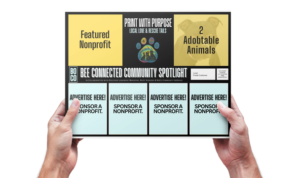 Bee Connected is a community-driven Every Door Direct Mail® marketing campaign that gives a nonprofit a free space and features adoptable animals alongside local businesses — so your advertising creates impact far beyond marketing.
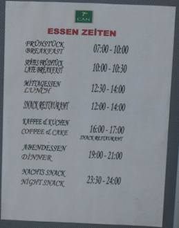 Öffnungszeiten der zahlreichen Restaurants. Man hat ausgiebig Zeit und muss nicht hetzen beim Essen. Auch mehr als 2 Stunden !!! Die Al-A-Cart-Restaurants haben ca. 2 - 2 1/2 Std. geöffnet, also ausgiebig Zeit zum Essen und trinken.
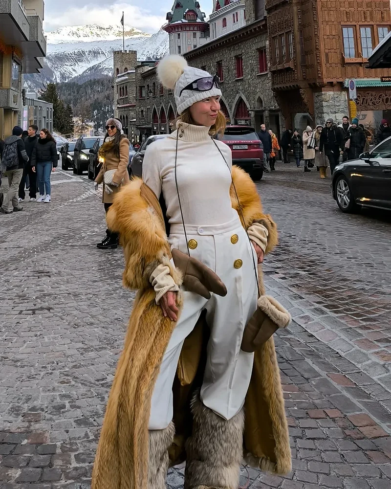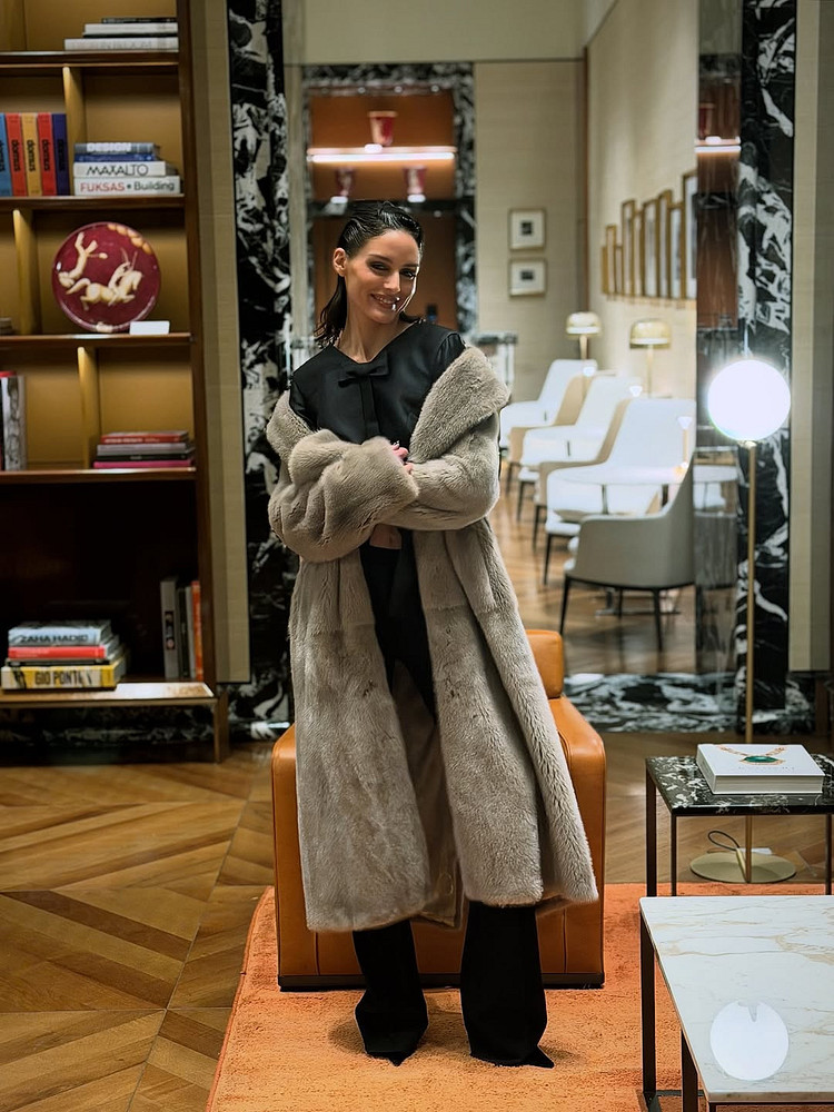 Из аксессуаров нужна структурированная сумка среднего размера (гигантские здесь ни к чему), тонкие золотые украшения, возможно, шляпа с широкими полями, если зима выдалась не слишком снежной. Короткая шуба в этом образе работает хуже — ей не хватает драматизма, который нужен для полноценного «рублевского» эффекта. Вдохновение? Бьянка Джаггер в клубе Studio 54 или любая героиня сериала «Династия».
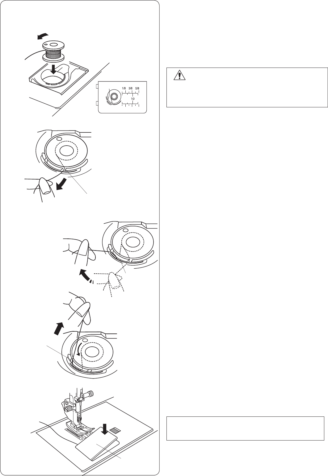 13. Do not pull or push fabric while stitching. It may deflect the needle causing it to break.

◆ ◆ ◆

What you will do
Output nothing but the lines from the line with "Öffnungszeiten der zahlreichen" through the last line of the material above, please, word for word and without the pictures.

The answer
 Öffnungszeiten der zahlreichen Restaurants. Man hat ausgiebig Zeit und muss nicht hetzen beim Essen. Auch mehr als 2 Stunden !!! Die Al-A-Cart-Restaurants haben ca. 2 - 2 1/2 Std. geöffnet, also ausgiebig Zeit zum Essen und trinken.
 Из аксессуаров нужна структурированная сумка среднего размера (гигантские здесь ни к чему), тонкие золотые украшения, возможно, шляпа с широкими полями, если зима выдалась не слишком снежной. Короткая шуба в этом образе работает хуже — ей не хватает драматизма, который нужен для полноценного «рублевского» эффекта. Вдохновение? Бьянка Джаггер в клубе Studio 54 или любая героиня сериала «Династия».
 13. Do not pull or push fabric while stitching. It may deflect the needle causing it to break.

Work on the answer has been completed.